What this task involves:
Write out exactly the lines below starting at the one containing "기본 프롬프트: 1girl, nebula, blue" and ending at the one containing "此次配音大賽分為初賽和決賽兩". Omit every picture.

Records provided:
::::

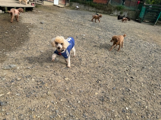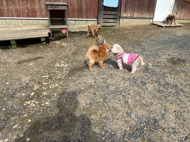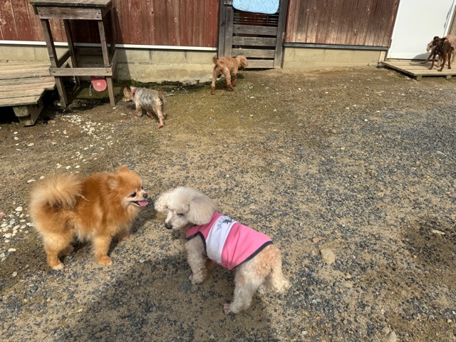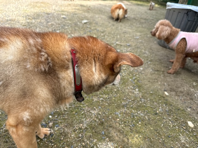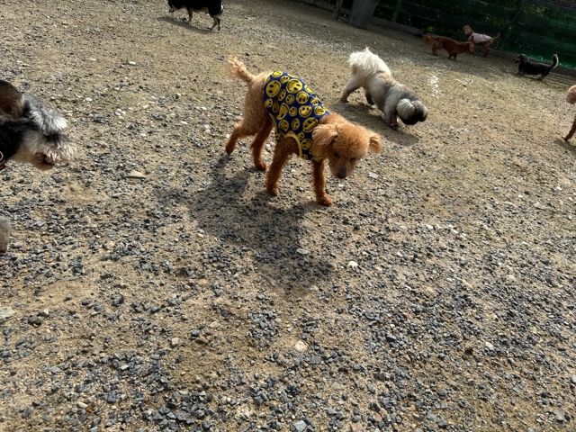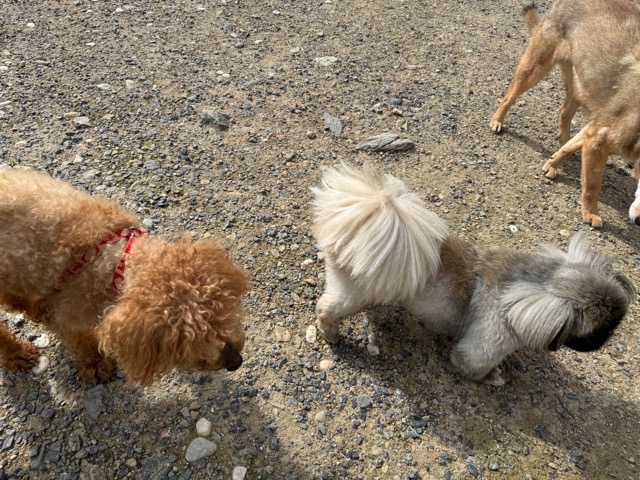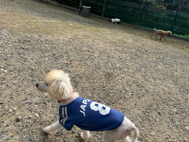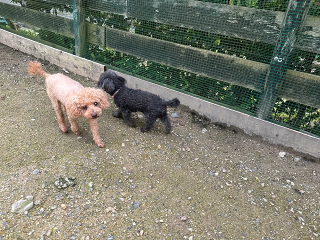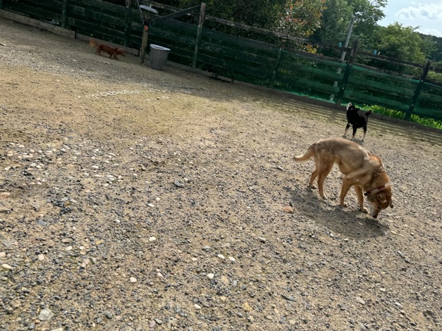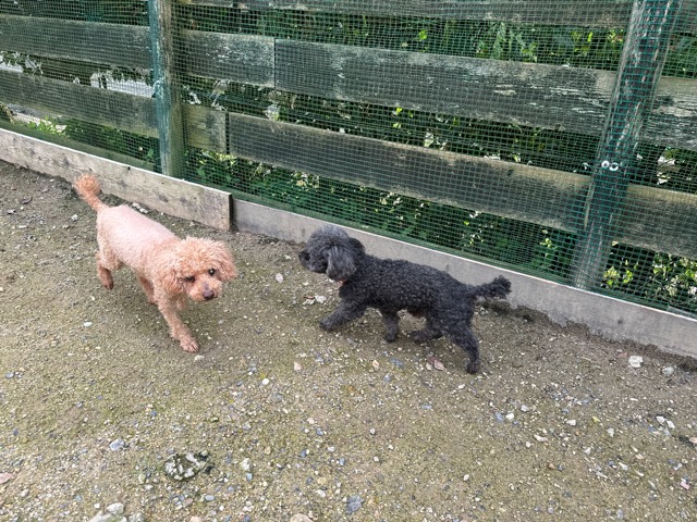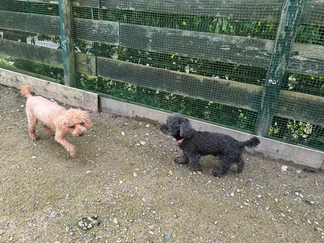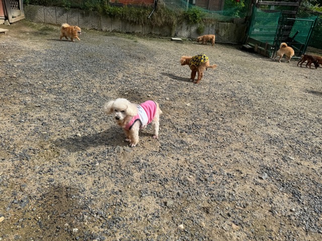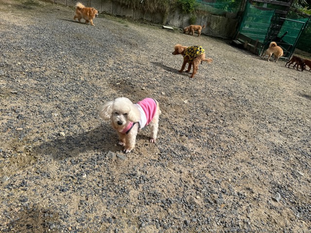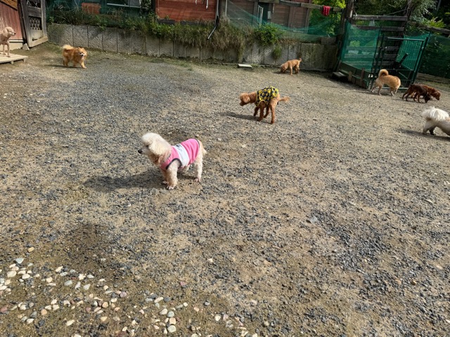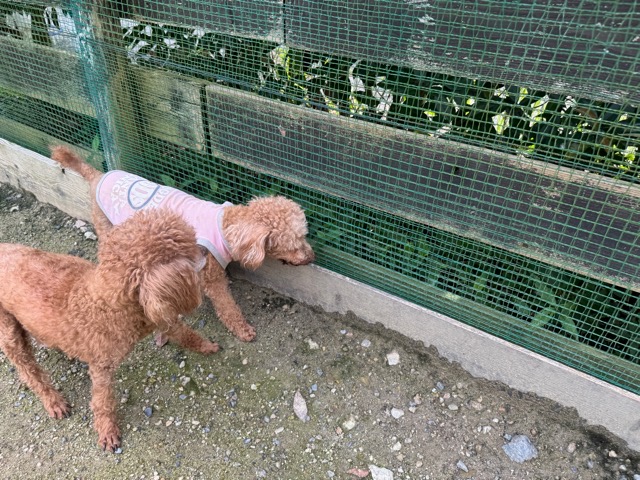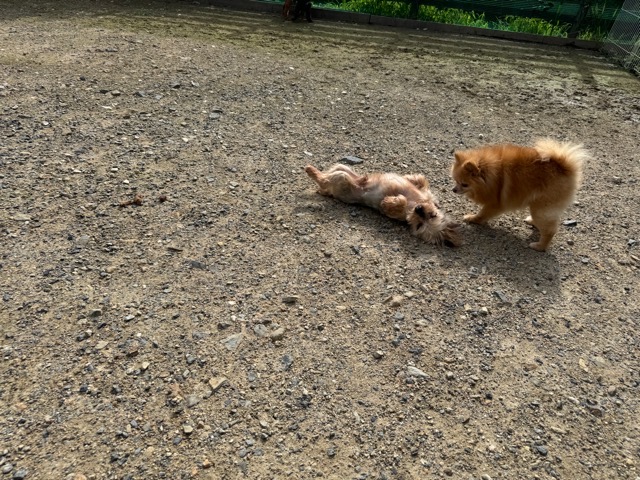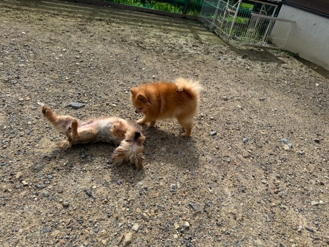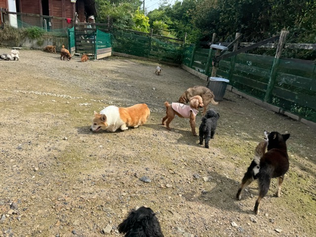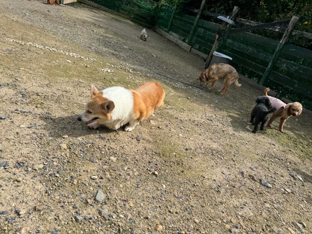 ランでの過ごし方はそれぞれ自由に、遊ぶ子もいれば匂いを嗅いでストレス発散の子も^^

::::

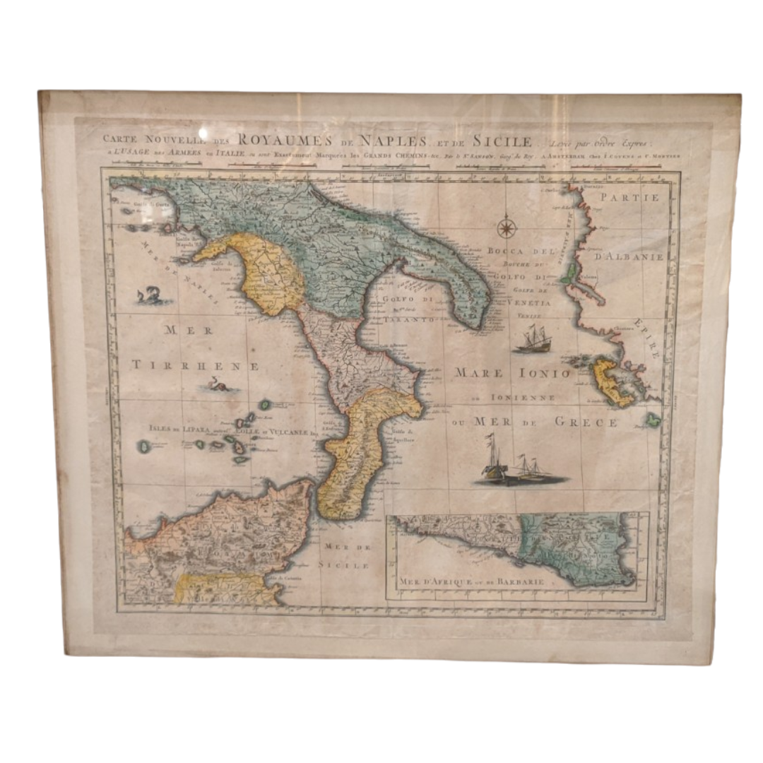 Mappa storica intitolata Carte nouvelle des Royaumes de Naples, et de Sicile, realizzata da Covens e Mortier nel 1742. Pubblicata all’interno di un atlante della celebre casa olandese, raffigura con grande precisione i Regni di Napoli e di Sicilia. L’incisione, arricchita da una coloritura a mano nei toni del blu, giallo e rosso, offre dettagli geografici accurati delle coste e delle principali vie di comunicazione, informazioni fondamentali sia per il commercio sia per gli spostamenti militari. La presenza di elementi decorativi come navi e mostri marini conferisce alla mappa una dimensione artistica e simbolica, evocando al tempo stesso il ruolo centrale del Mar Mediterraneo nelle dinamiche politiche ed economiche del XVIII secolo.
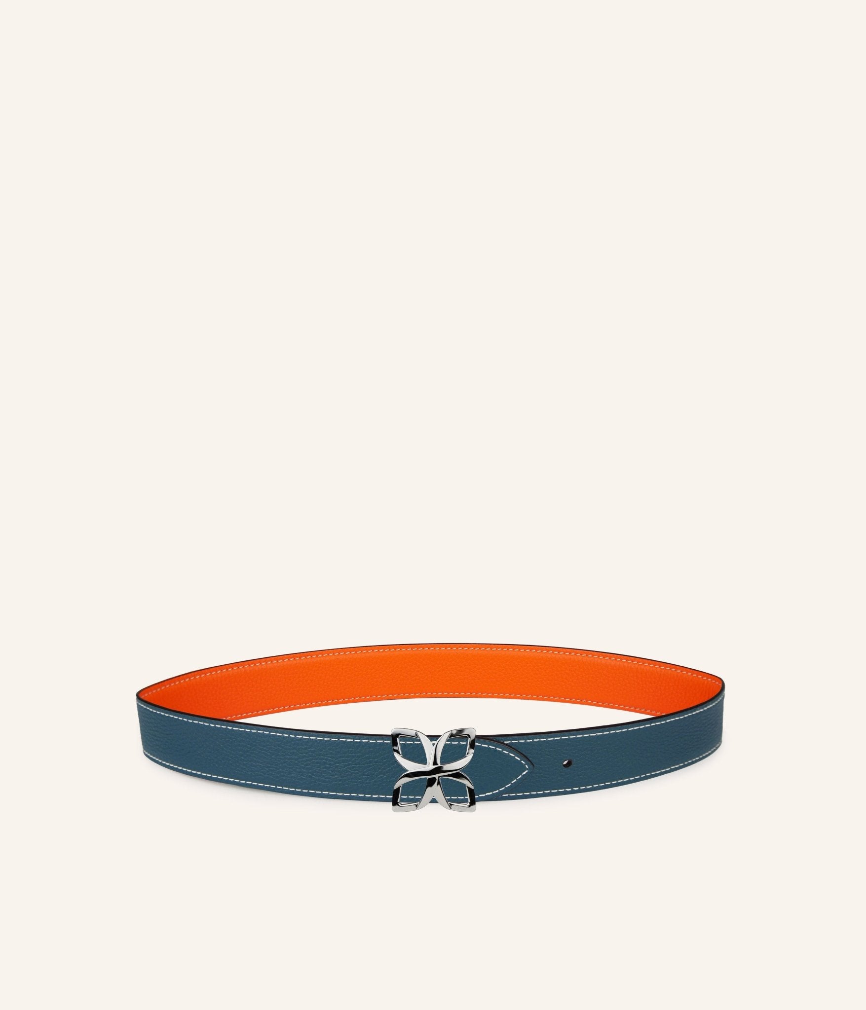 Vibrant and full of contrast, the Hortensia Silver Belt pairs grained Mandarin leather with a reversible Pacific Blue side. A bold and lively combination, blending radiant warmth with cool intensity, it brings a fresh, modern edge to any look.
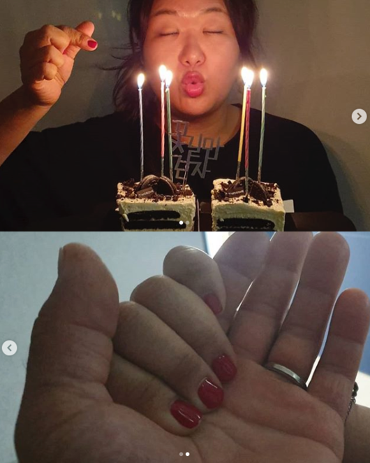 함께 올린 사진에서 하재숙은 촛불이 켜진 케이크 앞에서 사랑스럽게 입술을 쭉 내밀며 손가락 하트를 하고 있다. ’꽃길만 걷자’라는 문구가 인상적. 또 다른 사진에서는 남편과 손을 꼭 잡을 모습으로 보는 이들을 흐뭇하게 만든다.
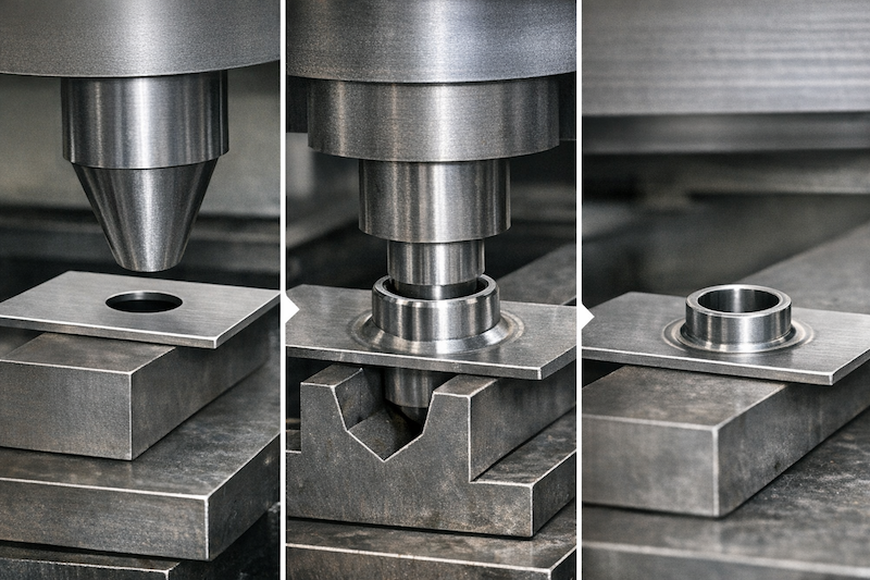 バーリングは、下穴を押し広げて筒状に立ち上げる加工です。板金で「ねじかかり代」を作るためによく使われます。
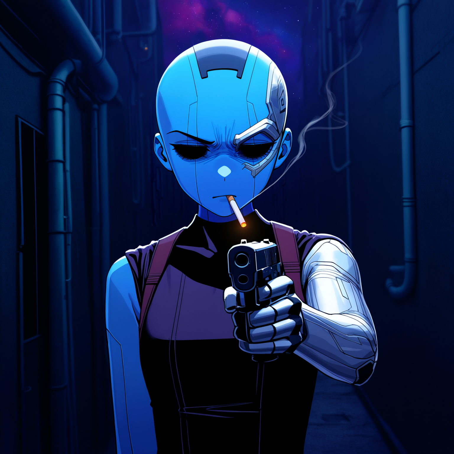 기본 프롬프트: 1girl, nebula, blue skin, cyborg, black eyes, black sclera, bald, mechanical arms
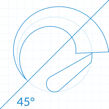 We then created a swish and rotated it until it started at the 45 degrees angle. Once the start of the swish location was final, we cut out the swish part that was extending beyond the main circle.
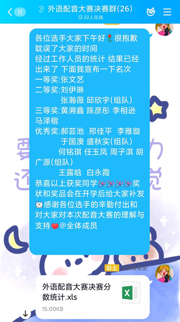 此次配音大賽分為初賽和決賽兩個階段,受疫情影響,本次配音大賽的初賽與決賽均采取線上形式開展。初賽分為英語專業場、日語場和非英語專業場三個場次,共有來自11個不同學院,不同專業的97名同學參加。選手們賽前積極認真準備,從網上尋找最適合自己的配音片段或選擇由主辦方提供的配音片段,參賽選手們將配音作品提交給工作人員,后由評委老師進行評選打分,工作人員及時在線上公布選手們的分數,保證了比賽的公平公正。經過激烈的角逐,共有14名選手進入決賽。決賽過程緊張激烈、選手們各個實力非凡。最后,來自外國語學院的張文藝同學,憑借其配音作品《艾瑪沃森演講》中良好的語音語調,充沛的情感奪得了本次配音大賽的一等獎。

::::

Answer to this task:
 기본 프롬프트: 1girl, nebula, blue skin, cyborg, black eyes, black sclera, bald, mechanical arms
 We then created a swish and rotated it until it started at the 45 degrees angle. Once the start of the swish location was final, we cut out the swish part that was extending beyond the main circle.
 此次配音大賽分為初賽和決賽兩個階段,受疫情影響,本次配音大賽的初賽與決賽均采取線上形式開展。初賽分為英語專業場、日語場和非英語專業場三個場次,共有來自11個不同學院,不同專業的97名同學參加。選手們賽前積極認真準備,從網上尋找最適合自己的配音片段或選擇由主辦方提供的配音片段,參賽選手們將配音作品提交給工作人員,后由評委老師進行評選打分,工作人員及時在線上公布選手們的分數,保證了比賽的公平公正。經過激烈的角逐,共有14名選手進入決賽。決賽過程緊張激烈、選手們各個實力非凡。最后,來自外國語學院的張文藝同學,憑借其配音作品《艾瑪沃森演講》中良好的語音語調,充沛的情感奪得了本次配音大賽的一等獎。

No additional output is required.